Information supplied>
━━━━━━━━━━

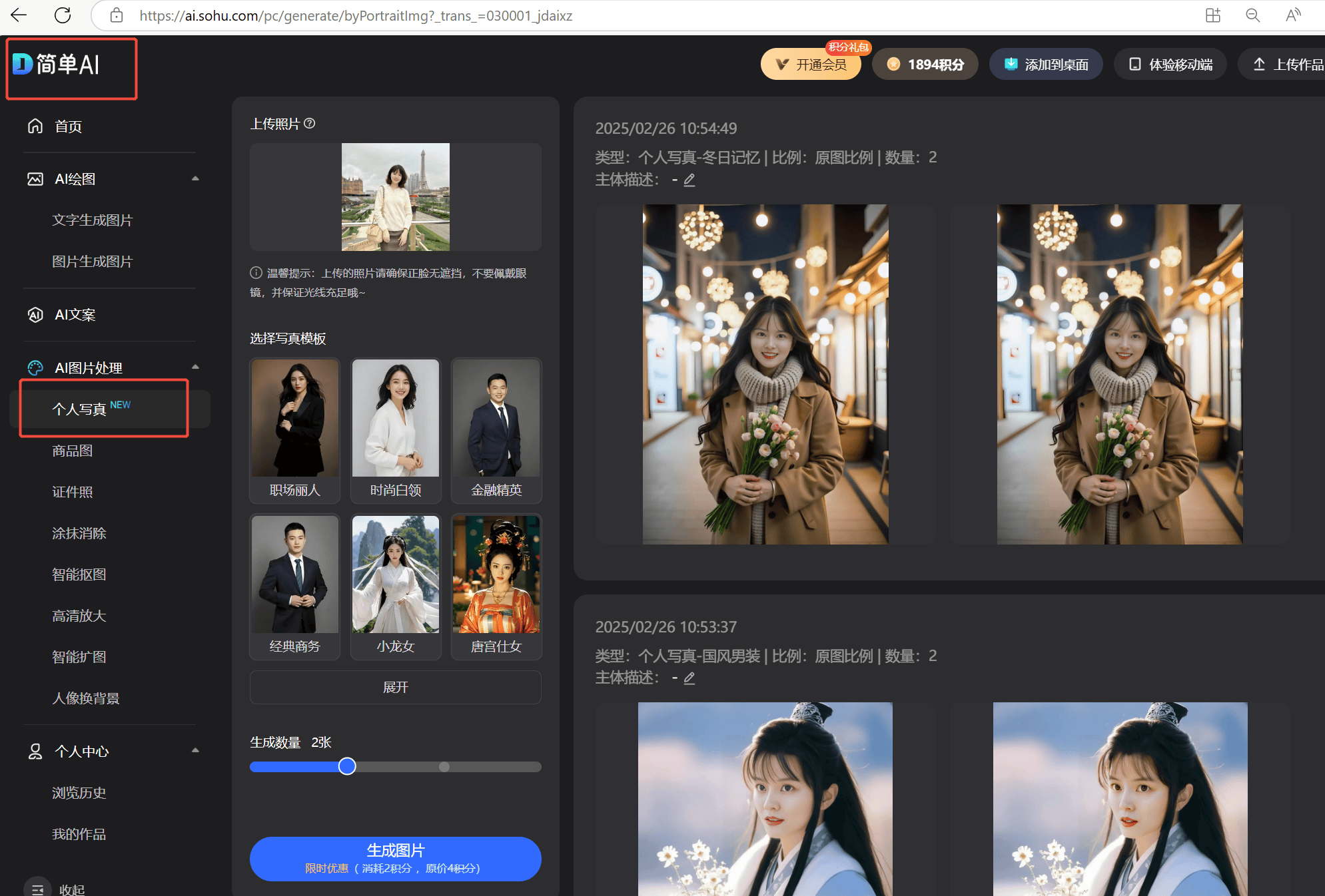 但美中不足的是,每次都需要用户上传多张参考图,且等待很长时间才能生成,比如妙鸭需要上传20张图就很令人崩溃。今天我就来分享一个更简单便捷的AI艺术写真工具——搜狐简单AI的【艺术写真】工具,只需上传一张照片,即可生成不同风格的艺术写真/职业照,且20秒快速出图。工具指路:https://ai.sohu.com/pc/generate/byPortraitImg?_trans_=030001_jdaixz
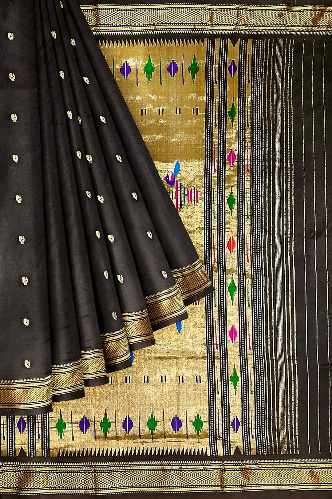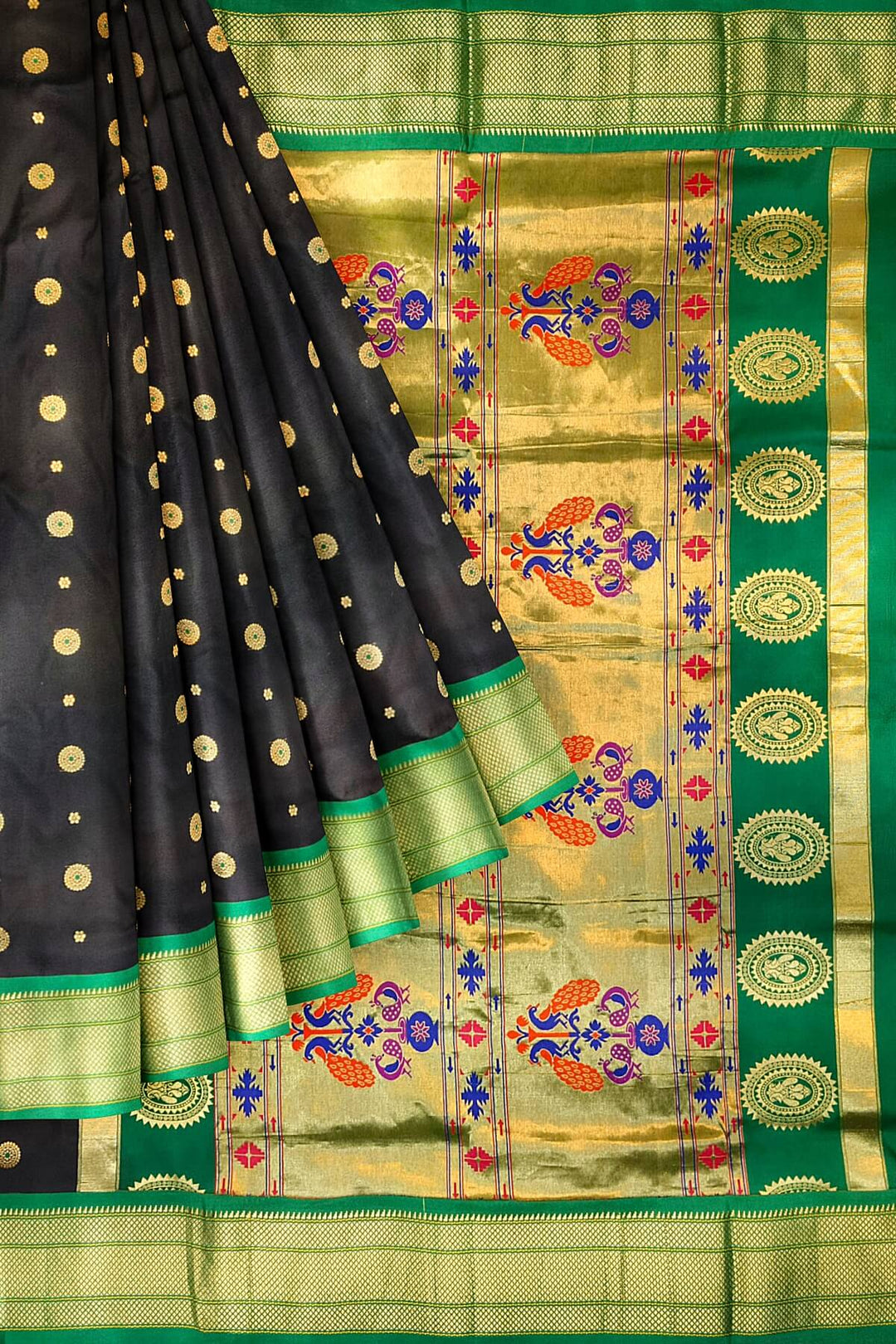 Handwoven Paithani pure silk saree in black with peacock motifs
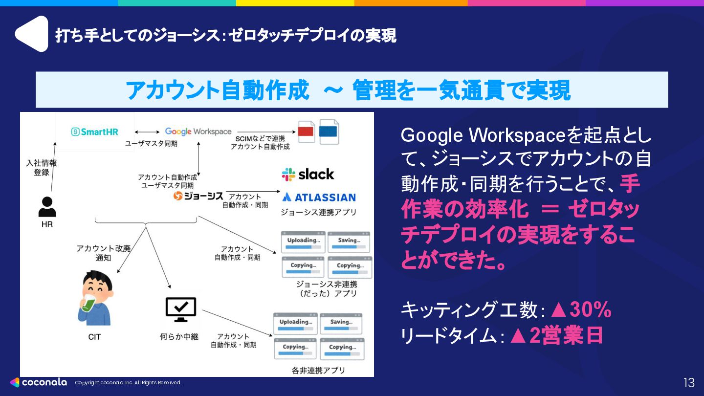 7. Copyright coconala Inc. All Rights Reserved. 打ち手としてのジョーシス:ゼロタッチデプロイの実現 13 アカウント自動作成 〜
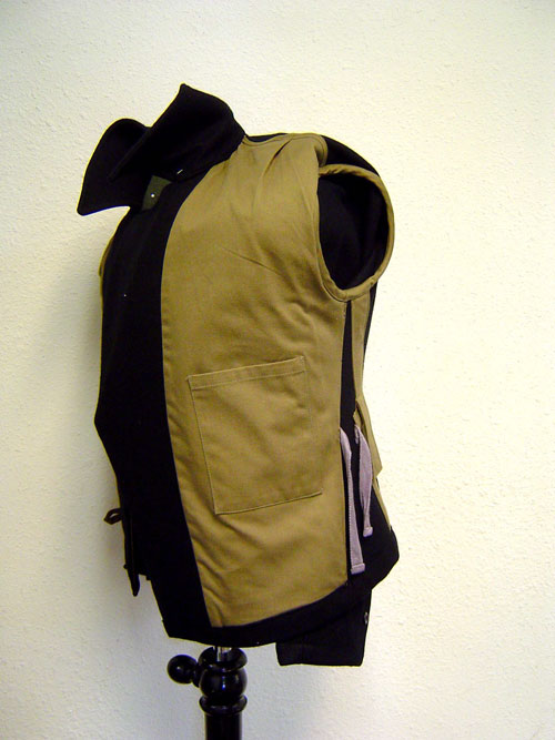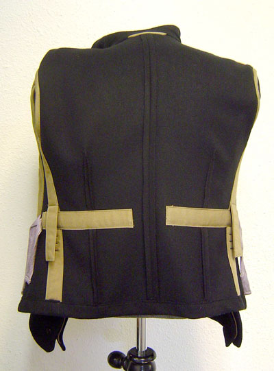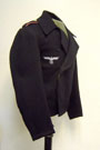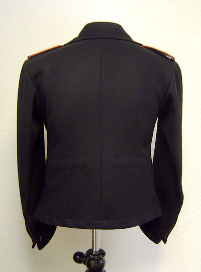 The Lost Battalions Army Panzerjacke has all the details of the original. It is exactly reproduced in black wool from the original pattern and has the correctly angled front closure found on all originals. The collar, as well as the death's head collar tabs of the Panzerwaffe, are piped in your choice of rose pink or golden yellow. The jacket is lined in brown twill as were the originals. Two belt suspension tabs are provided to carry the support hooks for the waist belt. This is the premier reproduction Panzer jacket on the market today. Since it's made from the original pattern, it also fits exactly like the original, with a narrow back and small armholes that encourage the wearer to assume the correct military posture. Don't confuse this uniform with the horrible baggy Chinese made sad sacks offered elsewhere. We've actually seen our jackets on militaria show tables being offered as WWII originals. With keyhole buttonholes made on period wartime original Reece buttonhole machines, as used by the Germans, and the characteristic three stitches per centimeter, even the sewing details of this Panzer jacket will pass the closest inspection.

━━━━━━━━━━

Please transcribe the material above exactly as written. Leave the pictures out.

Solution for this problem>
 但美中不足的是,每次都需要用户上传多张参考图,且等待很长时间才能生成,比如妙鸭需要上传20张图就很令人崩溃。今天我就来分享一个更简单便捷的AI艺术写真工具——搜狐简单AI的【艺术写真】工具,只需上传一张照片,即可生成不同风格的艺术写真/职业照,且20秒快速出图。工具指路:https://ai.sohu.com/pc/generate/byPortraitImg?_trans_=030001_jdaixz
 Handwoven Paithani pure silk saree in black with peacock motifs
 7. Copyright coconala Inc. All Rights Reserved. 打ち手としてのジョーシス:ゼロタッチデプロイの実現 13 アカウント自動作成 〜
 The Lost Battalions Army Panzerjacke has all the details of the original. It is exactly reproduced in black wool from the original pattern and has the correctly angled front closure found on all originals. The collar, as well as the death's head collar tabs of the Panzerwaffe, are piped in your choice of rose pink or golden yellow. The jacket is lined in brown twill as were the originals. Two belt suspension tabs are provided to carry the support hooks for the waist belt. This is the premier reproduction Panzer jacket on the market today. Since it's made from the original pattern, it also fits exactly like the original, with a narrow back and small armholes that encourage the wearer to assume the correct military posture. Don't confuse this uniform with the horrible baggy Chinese made sad sacks offered elsewhere. We've actually seen our jackets on militaria show tables being offered as WWII originals. With keyhole buttonholes made on period wartime original Reece buttonhole machines, as used by the Germans, and the characteristic three stitches per centimeter, even the sewing details of this Panzer jacket will pass the closest inspection.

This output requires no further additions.